Systemic serotonin inhibits brown adipose tissue sympathetic nerve activity via a GABA input to the dorsomedial hypothalamus, not via 5HT1A receptor activation in raphe pallidus

Affiliations

Systemic serotonin inhibits brown adipose tissue sympathetic nerve activity via a GABA input to the dorsomedial hypothalamus, not via 5HT1A receptor activation in raphe pallidus

Clarissa M D Mota et al. Acta Physiol (Oxf). 2020 Mar.

Abstract

Aim: Serotonin (5-hydroxytryptamine, 5-HT), an important neurotransmitter and hormone, modulates many physiological functions including body temperature. We investigated neural mechanisms involved in the inhibition of brown adipose tissue (BAT) sympathetic nerve activity (SNA) and BAT thermogenesis evoked by 5-HT.

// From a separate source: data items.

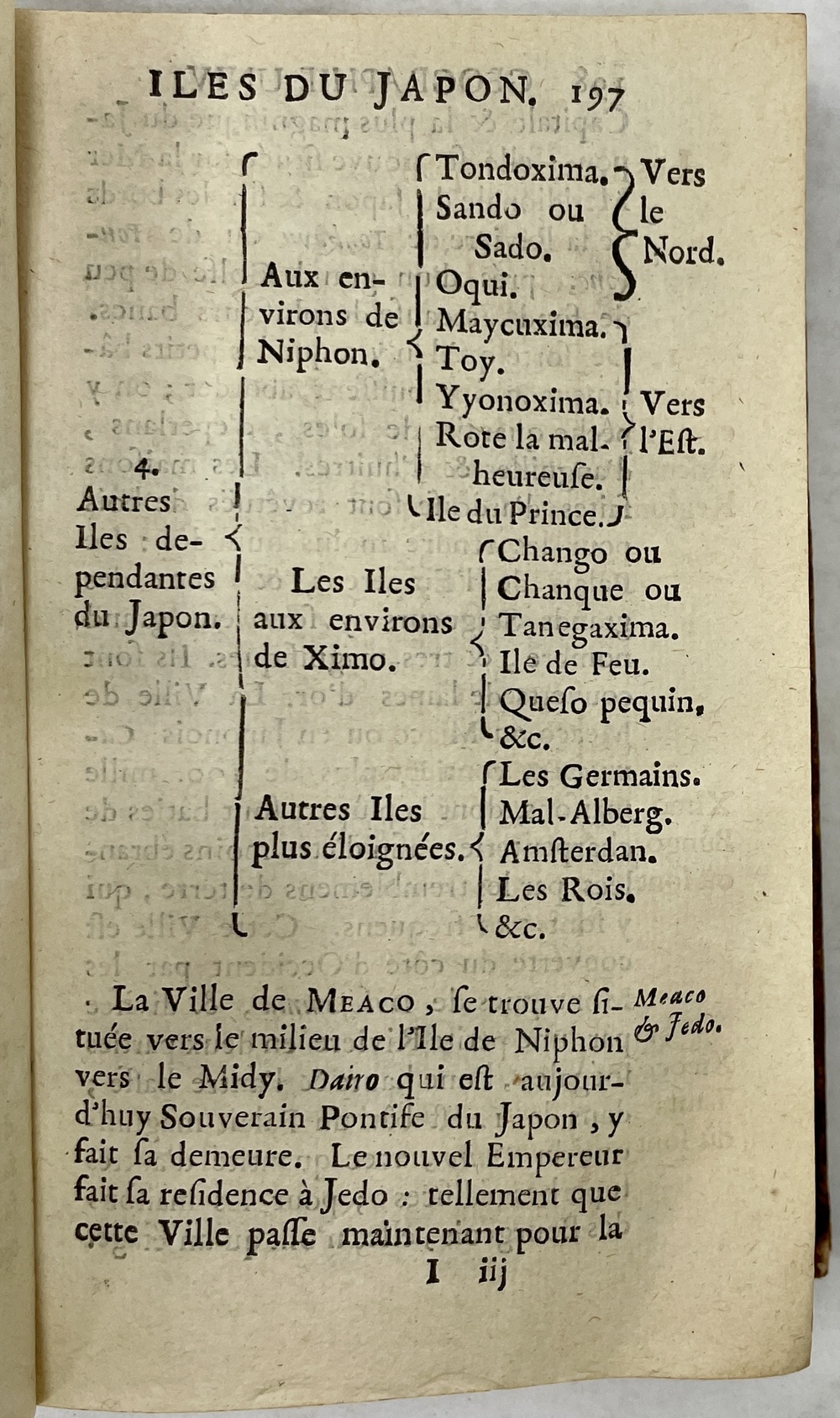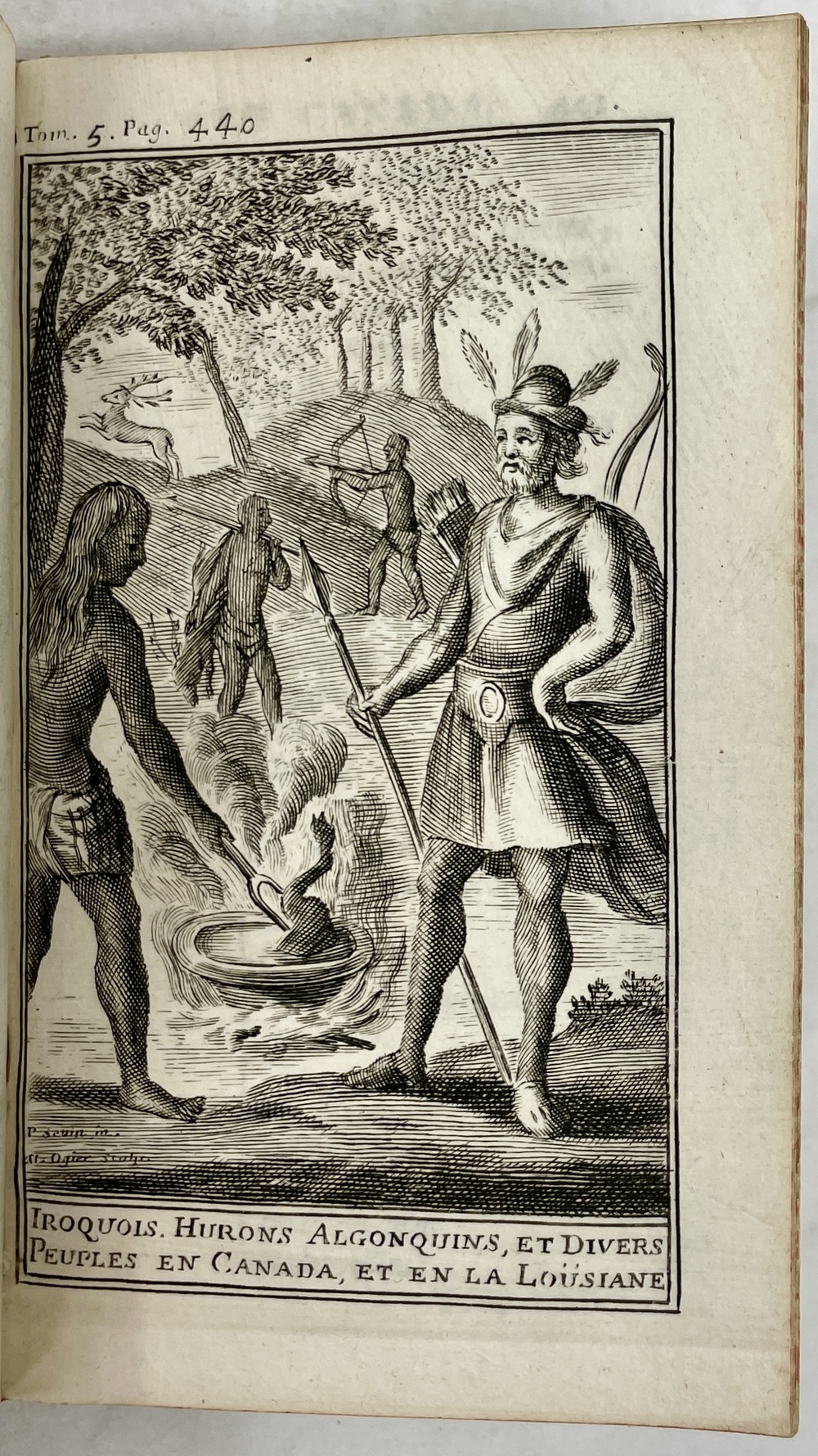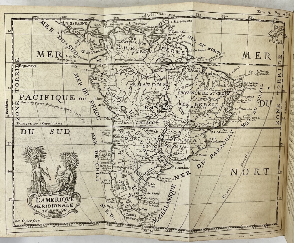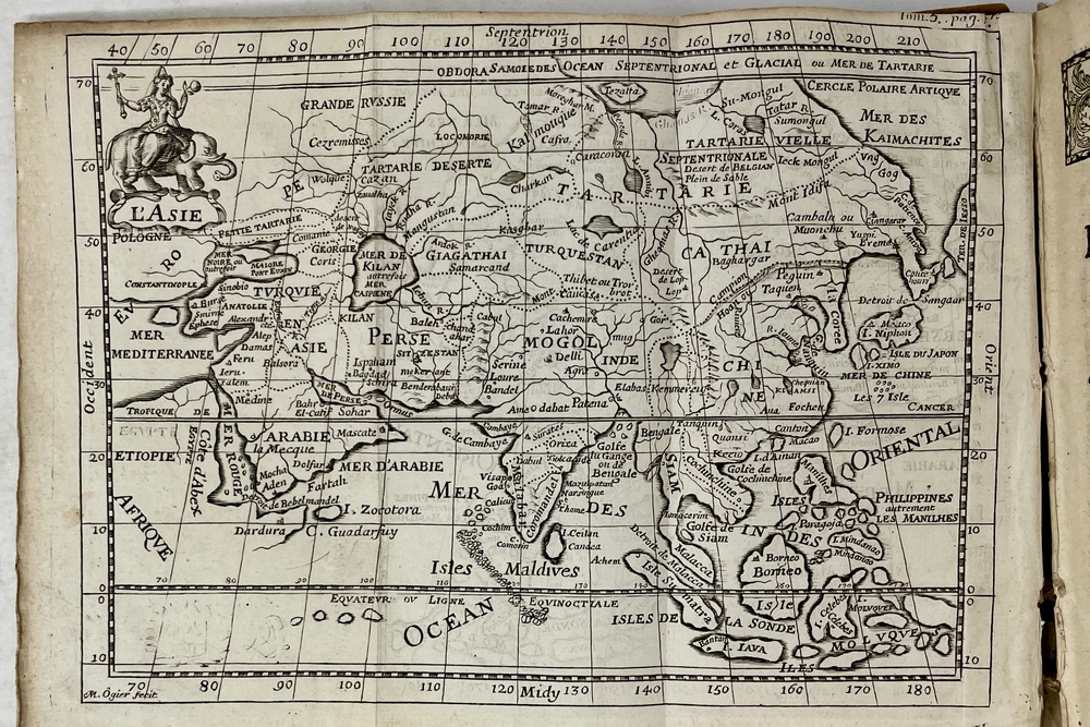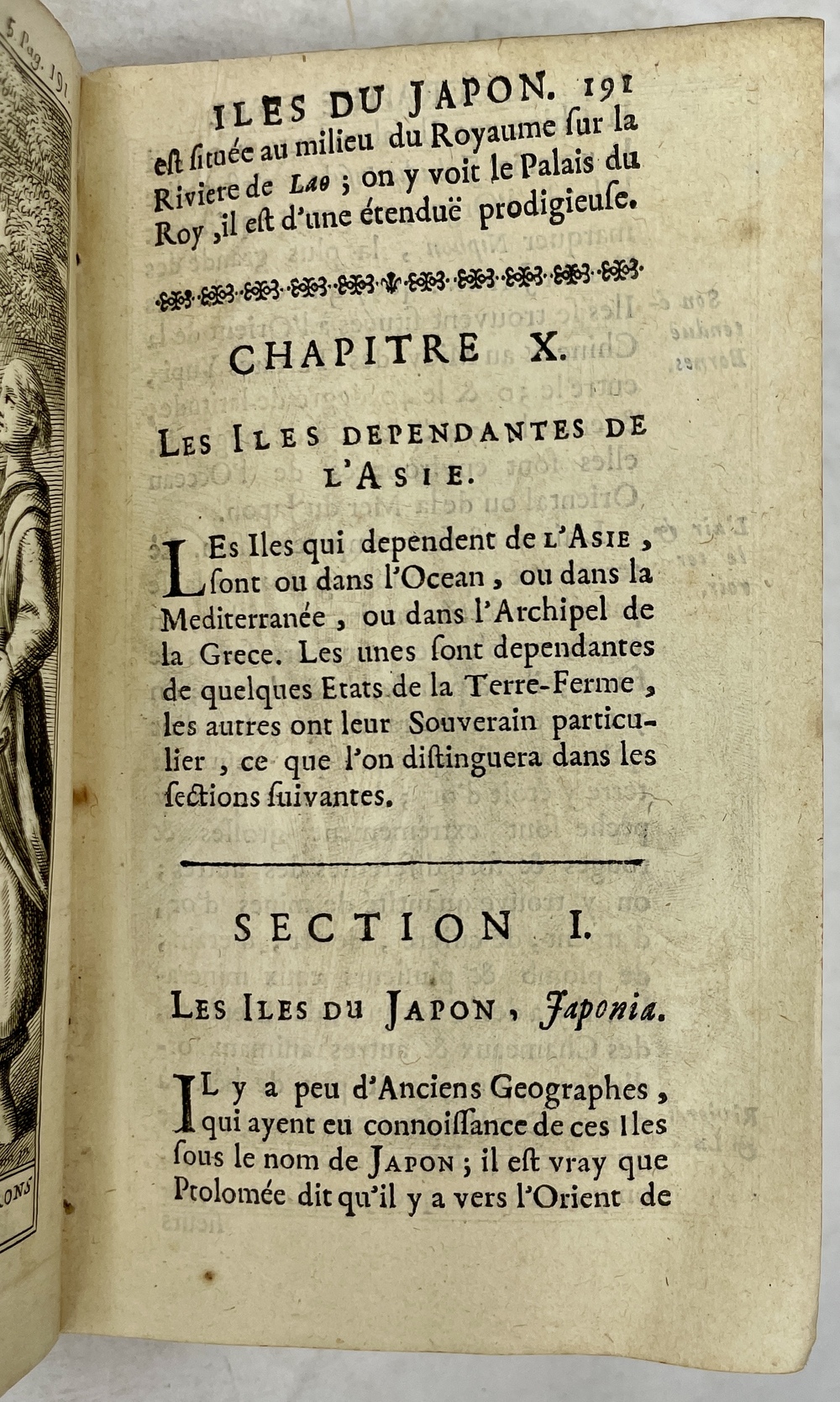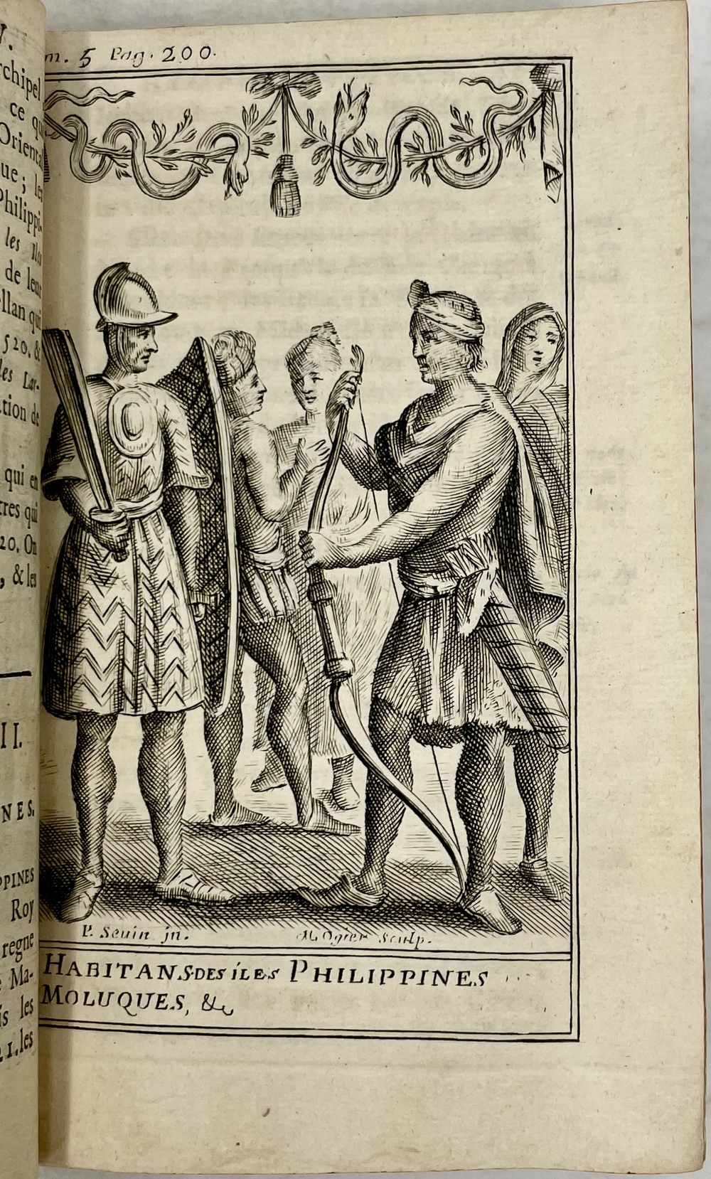 本書は1705年にリヨンで刊行された作品で、小型本ながら全5巻構成という非常にボリュームのある著作です。豊富な地図や図版を交えながら世界の地理や人々の文化をわかりやすく解説するという内容で、読み物としても楽しめるような作品です。アジア諸国を扱った第5巻では、日本についてもユニークな人物図を添えて解説されており、日本関係欧文図書としても大変興味深い著作と言えるものです。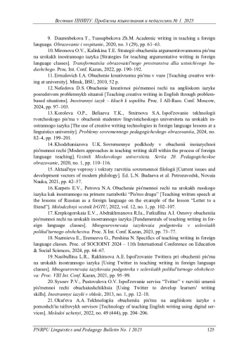 14. Ходжаниязова, У. К. современные подходы в обучении иноязычной письменной речи / У. К. Ходжаниязова // Вестн. Моск. ун-та. Сер. 20. Педагогическое образование. - 2020. - №1. - С. 110-116. EDN: WSRNNK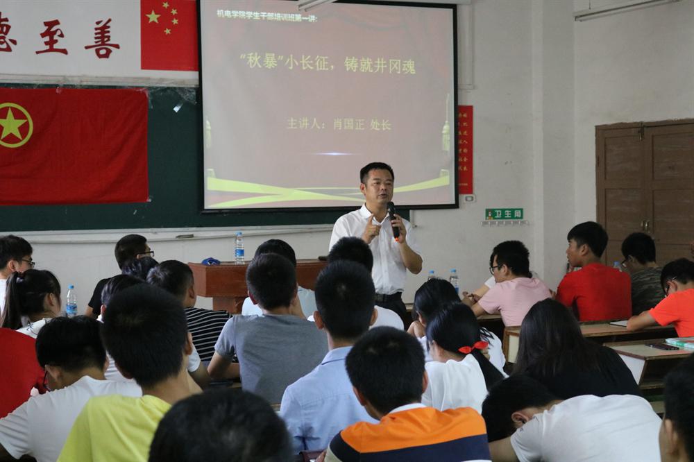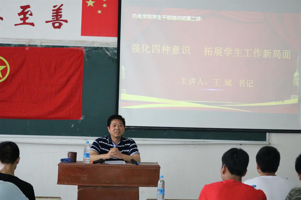 为进一步提高学生干部队伍的整体素质,充分发挥学生干部的模范带头作用、榜样示范作用、桥梁纽带作用及得力助手作用,机电学院于6月14日下午在鼎新楼2313举办了学生干部培训班,学工处处长肖国正,机电学院党总支书记王斌分别作了讲座。辅导员杨芳及所有学生干部参加了此次活动。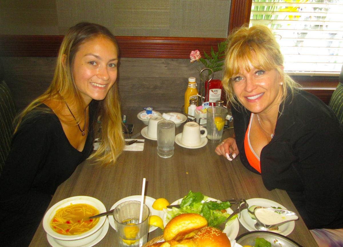 Sisters enjoying dinner at Rose Garden Cafe in Elk Grove Village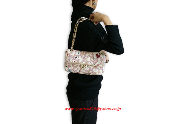 シャネルバッグ スーパーコピーモチーフ付きコットンチェーンバッグ CHEL-023素材:コットン×レザー色:薄いピンク×白サイズ:W25cm×H15cm×D5cm付属品:ギャランティカード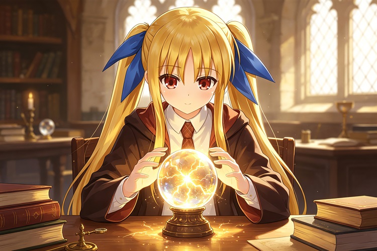 菲特依言而行,闭目凝神,努力放空思绪,将温和的雷电魔力缓缓引导向桌上的水晶球。水晶球内开始弥漫起金色的雾气,丝丝电光在其中流转。她努力集中精神,试图感知斯凯琳院长所说的“节点”。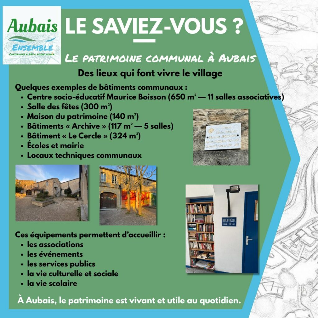 Aubais, ce ne sont pas seulement des paysages et une histoire. C’est aussi un patrimoine communal important, entretenu et utilisé chaque jour.

Methods: Electrophysiological recordings, intravenous (iv) injections and nanoinjections in the brains of anaesthetized rats.

Results: Cooling-evoked increases in BAT SNA were inhibited by the intra-rostral raphé pallidus (rRPa) and the iv administration of the 5-HT1A receptor agonist, 8-OH-DPAT or 5-HT. The intra-rRPa 5-HT, the intra-rRPa and the iv 8-OH-DPAT, but not the iv 5-HT-induced inhibition of BAT SNA were prevented by nanoinjection of a 5-HT1A receptor antagonist in the rRPa. The increase in BAT SNA evoked by nanoinjection of NMDA in the rRPa was not inhibited by iv 5-HT, indicating that iv 5-HT does not inhibit BAT SNA by acting in the rRPa or in the sympathetic pathway distal to the rRPa. In contrast, under a warm condition, blockade of 5HT1A receptors in the rRPa increased BAT SNA and BAT thermogenesis, suggesting that endogenous 5-HT in the rRPa contributes to the suppression of BAT SNA and BAT thermogenesis. The increases in BAT SNA and BAT thermogenesis evoked by nanoinjection of NMDA in the dorsomedial hypothalamus (DMH) were inhibited by iv 5-HT, but those following bicuculline nanoinjection in the DMH were not inhibited.

Conclusions: The systemic 5-HT-induced inhibition of BAT SNA requires a GABAergic inhibition of BAT sympathoexcitatory neurones in the DMH. In addition, during warming, 5-HT released endogenously in rRPa inhibits BAT SNA.

Keywords: 5-hydroxytryptamine; brown adipose tissue; hypothalamus; raphé pallidus; thermoregulation.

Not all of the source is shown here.